The problem is that they all use Forticlient, so if I tell the DEV VPN to wait for an IP on the Forticlient adapter, and the TST VPN is already live and connected... It sees absolutely no problem with assuming therefore that the DEV VPN is connected because the adapter has an IP on it.
What I'd like to be able to do is say "Wait for IP matching mask "192.168.1.0/32" or "192.168.1.*" or something for DEV, and then similarly "Wait for IP matching mask "192.168.2.0/32" or "192.168.2.*" or something for TST.
That way, in combination with the above suggestions, if I attempt to open a connection to three particular DEV RDP sessions, while TST is connected (and I can't figure out a way to pleasantly terminate the TST VPN and it's sessions via the DEV VPN connection attempt, see this forum thread for more details), it'll instead go "Could not connect to DEV VPN" and then "Could not connect to DEV RDP 1" (and then 2 and then 3, or ideally "Could not connect to DEV VPN, aborting connection attempts to sessions depending on DEV VPN" so it doesn't even try it in the first place).
RE: #2d - Less obtrusive failure message
Currently when an RDP session (and perhaps other types of session) fails to reconnect, a pop-up is displayed that inhibits subsequent processing in RDM, so if I determine that I need to open 10 RDP sessions to various instances of a web server, and the underlying VPN connection fails (or succeeds, but to the wrong VPN because I've misconfigured it), I'll get my 10 RDP sessions attempting to connect anyway, and as each one fails, I'll need to click 'Close' before RDM will continue allowing the others to try and fail to connect, ie:
What would be nice instead, is if there were a less aggressive connection attempt failure notification methodology that could be selected for Remote Session entries, where instead of a blocking popup, it just unobtrusively blips up like the windows notifications.

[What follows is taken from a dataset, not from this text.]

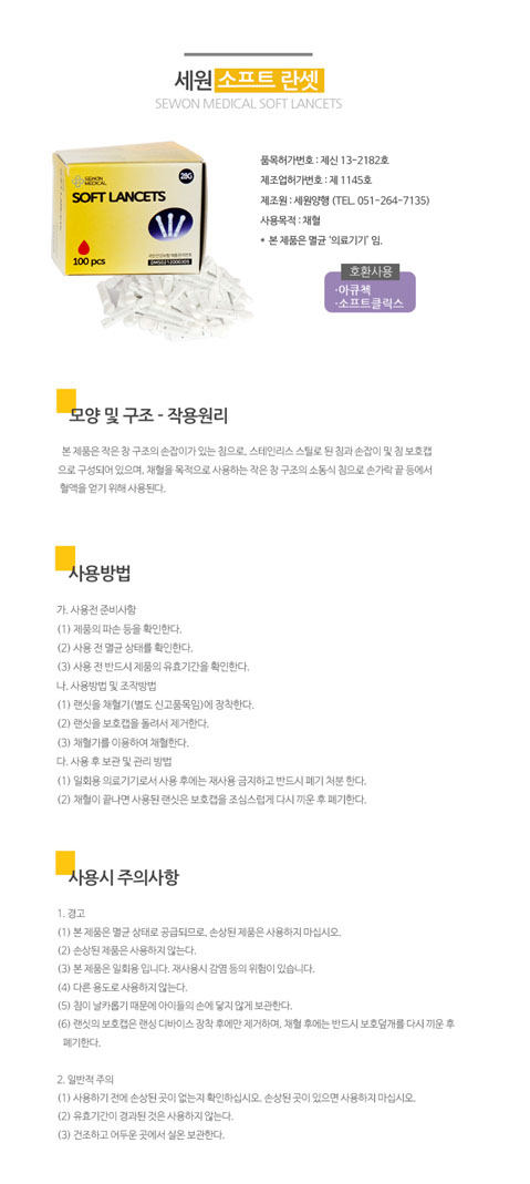 > 세원 사혈침 소프트란셋(아큐첵/글루코트랜드겸용) 28G 100Pcs

I've seen RDM use some less obtrusive popups in other areas that would be perfect for this sort of 'soft' reconnection failure, like this:
I have found this setting:
Which is great in that it suppresses the obtrusive popup, but it just closes the window without *any* feedback to say why (ie: Invalid credential, can't find host, etc).

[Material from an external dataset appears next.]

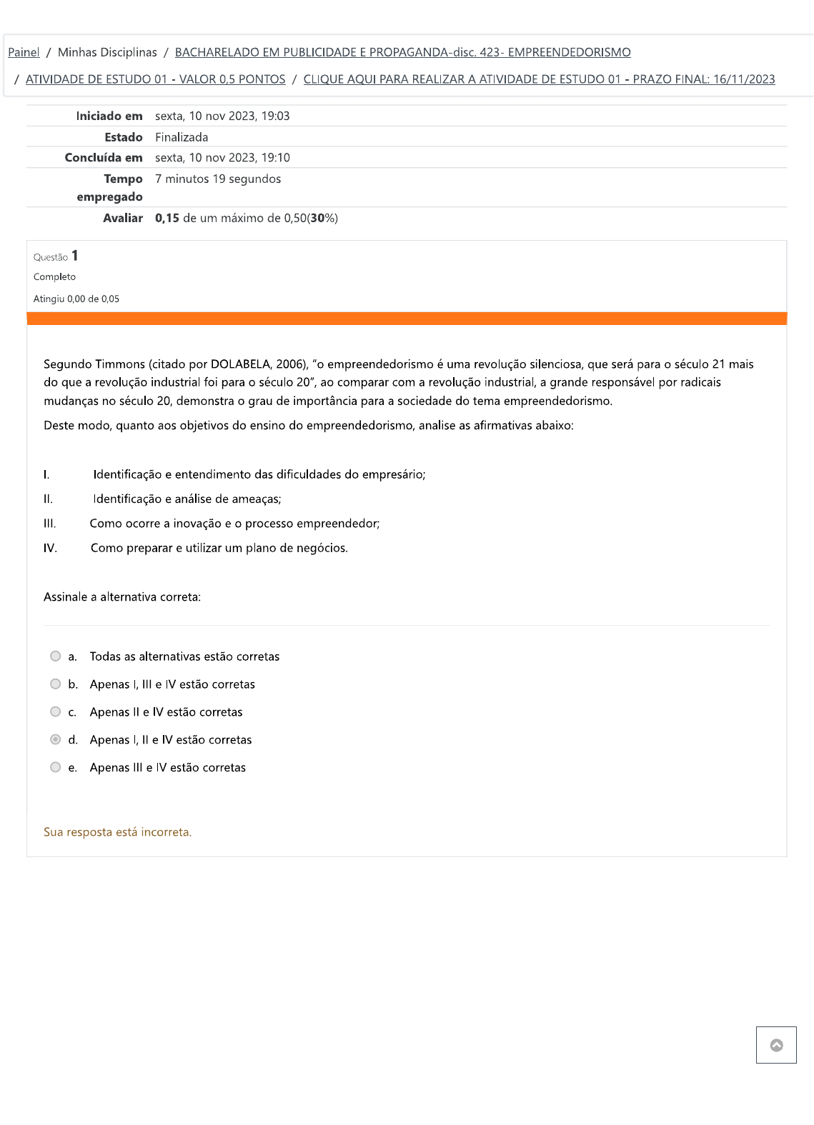 <p>Painel / Minhas Disciplinas / BACHARELADO EM PUBLICIDADE E 423- EMPREENDEDORISMO / ATIVIDADE DE ESTUDO 01 - VALOR 0,5 PONTOS / CLIQUE PARA REALIZAR A ATIVIDADE DE ESTUDO 01 - PRAZO FINAL: 16/11/2023 Iniciado em sexta, 10 nov 2023, 19:03 Estado Finalizada Concluída em sexta, 10 nov 2023, 19:10 Tempo 7 minutos 19 segundos empregado Avaliar 0,15 de um máximo de 0,50(30%) Questão 1 Completo Atingiu 0,00 de 0,05 Segundo Timmons (citado por DOLABELA, 2006), "o empreendedorismo é uma revolução silenciosa, que será para o século 21 mais do que a revolução industrial foi para o século 20", ao comparar com a revolução industrial, a grande responsável por radicais mudanças no século 20, demonstra o grau de importância para a sociedade do tema empreendedorismo. Deste modo, quanto aos objetivos do ensino do empreendedorismo, analise as afirmativas abaixo: I. Identificação e entendimento das dificuldades do empresário; II. Identificação e análise de ameaças; III. Como ocorre a inovação e o processo empreendedor; IV. Como preparar e utilizar um plano de negócios. Assinale a alternativa correta: a. Todas as alternativas estão corretas b. Apenas I, III e IV estão corretas C. Apenas e IV estão corretas d. Apenas I, e IV estão corretas e. Apenas III e IV estão corretas Sua resposta está incorreta.</p><p>Questão 2 Completo Atingiu 0,00 de 0,05 Atualmente o empreendedorismo já tem sido centro das políticas na maioria dos países e existem muitas ações relacionadas com o empreendedorismo e inovações tecnológicas como, por exemplo, programas de incubação de empresas e parques tecnológicos, programas e incentivos governamentais para promover a inovação e transferência de tecnologia, entre outros. Não obstante, analise as afirmativas abaixo e classifique-as com "V" para verdadeiro e "F" para falso: ( ) empreendedor é a pessoa que destrói a ordem econômica existente graças à introdução no mercado de novos produtos e serviços, pela criação de novas formas de gestão ou pela exploração de novos recursos, materiais e tecnologias. ( ) empreendedor é aquele que cria negócios, que inova dentro da empresa já construída, que detecta uma oportunidade e cria um negócio para capitalizar sobre ele, assumindo riscos calculados. ( ) empreendimento é o envolvimento de pessoas e processos que, em conjunto, levam à transformação de ideias em oportunidades. ( ) empreendedorismo nunca tem a ver com criar uma nova forma de uso dos recursos nacionais, em que eles sejam deslocados de seu emprego tradicional e sujeitos a novas combinações. Assinale a alternativa correta: a. F, V, F, V b. V, V, V, V C. V, F, F, V d. F, F, F, F e. Sua resposta está incorreta.</p><p>Questão 3 Completo Atingiu 0,00 de 0,05 A utilização do termo "empreendedorismo" é atribuído a Richard Cantillon. Assim, os empreendedores de sucesso são visionários, sabem tomar decisões, são indivíduos que fazem a diferença, sabem explorar ao máximo as oportunidades. Dito isto, analise as afirmativas abaixo: I. O primeiro uso do termo empreendedorismo foi por Marco Pólo, que assinou um contrato com um homem que possuía dinheiro que hoje é mais conhecido como capitalista, para vender as mercadorias deste. II. Schumpeter descreveu ainda o empreendedor como responsável por processos de "destruição criativa", que resultaram na criação de novos métodos de produção, novos produtos e novos mercados. III. A essência do empreendedorismo está na percepção e aproveitamento das novas oportunidades no âmbito de negócios. IV. Em 1985 com Pinchot foi introduzido o conceito de Intra empreendedor, uma pessoa empreendedora dentro da organização a que pertence. Assinale a alternativa correta: a. Apenas II e IV estão corretas b. Apenas II, III e IV estão corretas C. Apenas I, e III estão corretas d. Todas as alternativas estão corretas. e. Apenas I, e IV estão corretas Sua resposta está incorreta.</p><p>Questão 4 Completo Atingiu 0,00 de 0,05 Segundo Peter Drucker, "o trabalho específico do empreendedorismo numa empresa de negócios, é fazer os negócios de hoje capazes de fazer o futuro, transformando-se em um negócio diferente". "Empreendedorismo não é nem ciência, nem arte. É uma prática." Analise as afirmativas abaixo e classifique-as com "V" para verdadeiro e "F" para falso: ( ) A decisão de tornar-se empreendedor pode ocorrer aparentemente por acaso. Mas na verdade, essa decisão ocorre devido fatores externos, sociais e ambientais, e aptidões pessoais. ( ) O sucesso de um empreendimento inovador não depende de "mágica" e sim de uma série de fatores e condições - tanto pessoais, como do negócio - que o empreendedor deve levar em consideração antes de iniciá-lo. ( ) Muitas vezes, as pessoas motivadas pela ambição de ter dinheiro, condições para adquirir valiosos bens, melhores roupas, uma busca por melhores moradias e dar boas condições para si e para seus entes mais próximos, são estas as pessoas que sonham em ter seu próprio negócio e muitas delas acabam virando por questão de decisão de melhorias um empreendedor. ( ) A pessoa deve procurar formar uma cultura empreendedora primeiramente dentro dela, e de posse desta formação fazer uma autoanálise, despertando-a para a sua função de pessoa executora na transformação de conhecimento em riquezas para a sociedade, para comércio e principalmente para ele. Assinale a alternativa correta: a. V, V, F, b. V, V, V C. F, F, V, V d. F, F, F, F e. F, V, F, V Sua resposta está incorreta.</p><p>Questão 5 Completo Atingiu 0,05 de 0,05 mundo atualmente tem passado por várias transformações, onde as inovações mudaram o estilo de vida das pessoas. Por trás dessas inovações existem pessoas ou equipes, com características especiais. São pessoas visionárias, que questionam, arriscam, querem algo diferente. São os chamados empreendedores. Diante disso, analise as afirmativas abaixo: I. A pessoa qu

Cheers for listening, I love how much RDM already allows me to automate away some of the more tedious parts of my RDP session juggling, y'all have done a truly fantastic job!
Hello,
First of all, thank you both for the kind words and for the very well described request.
I have opened an internal ticket for these improvements. We will post back here if we have any question or when we have an update on the request.